Developers of the Villages of Silver Springs, a 697-home planned-unit development, have only one hurdle left to clear before work can begin.
The Lyon County Planning Commission on Tuesday approved the development, and now developer George Peek, of ERGS Inc., must convince the Lyon County Board of Commissioners before work can begin. The commission will consider the project at its meeting May 4.
"We went back and did our homework and worked with the citizens," said Greg Peek, son of George Peek. "We're pretty proud of the whole project."
The original project on 250.28 acres between Topaz and Onyx streets in Silver Springs has been reduced to 244.8 acres with lots of more than 10,000 square feet along the outside of the development, up from 6,000 square feet.

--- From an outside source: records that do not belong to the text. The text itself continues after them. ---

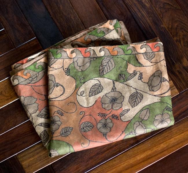 糸の色や布地の柄、その組み合わせが絶妙なショールは、シルクで出来ているため、軽くてしっとり肌触りもしなやかです。肩にかけたり、首に巻いたり、ひざ掛けにしたり。ちょっと使用するだけでも、その絶妙な色のバランスと質感が不思議な存在感を出してくれます。シンプルなコーディネートが一気に華やかになり、上品なエスニックな雰囲気をお楽しみ頂けると思います。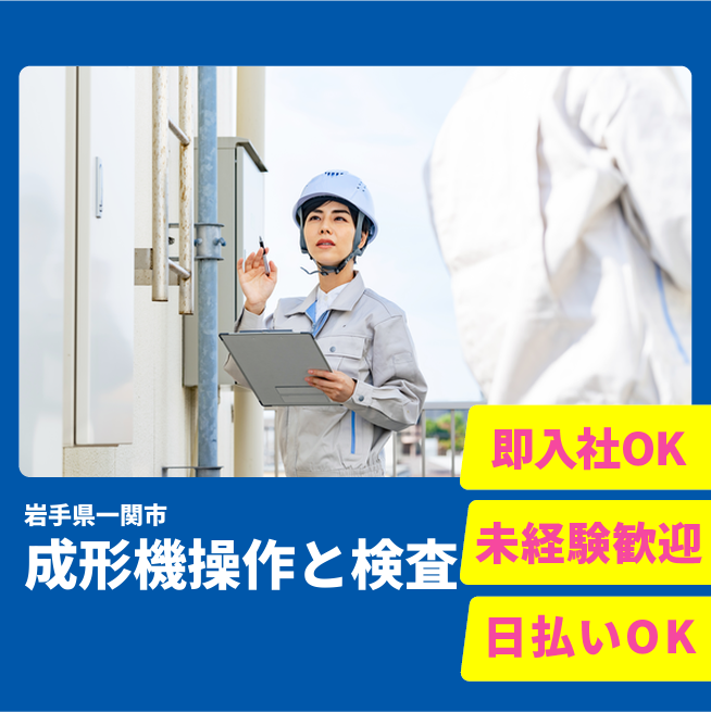 プラスチック製品の成形機操作と製品検査を行う仕事です。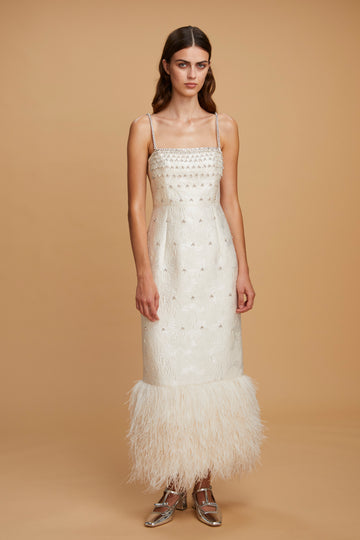 ASTRA DRESS WHITE EMBELLISHED JACQUARD

The change means a loss of 1 percent open space, but overall the amount of open space still falls within the required 20 percent, said Rob Loveberg, Lyon County Planning director.
Planner Melissa Lindell, of Wood Rodgers, a Reno-Based engineering firm, said it will be built in phases over seven years.
"We took into account the planning commission's comments and the town board's comments in our redesign," she said.
The developers have added or expanded trails, added two small, "pocket" parks for more quiet enjoyment and a neighborhood "activity park" with barbecues and a children's area.
It also expanded drainage channels that parallel the interconnected trails designed to tie together the various sections of the development.
Lindell noted the planned-use development ordinance allows for unusable lands such as drainage ditches to be considered open space.
"We have the trail system, both paved and unpaved trails with multiple connection points throughout," she said.
She said the project will also include drainage culverts on the west side of Topaz, to avoid sheet-flow drainage from damaging the road.
Houses bordering Topaz Street would be limited to one story, Lindell said.
The intersection of Onyx and Ramsey Weeks Cutoff would be redesigned to meet at a "T," rather than at the angle it does now, she added.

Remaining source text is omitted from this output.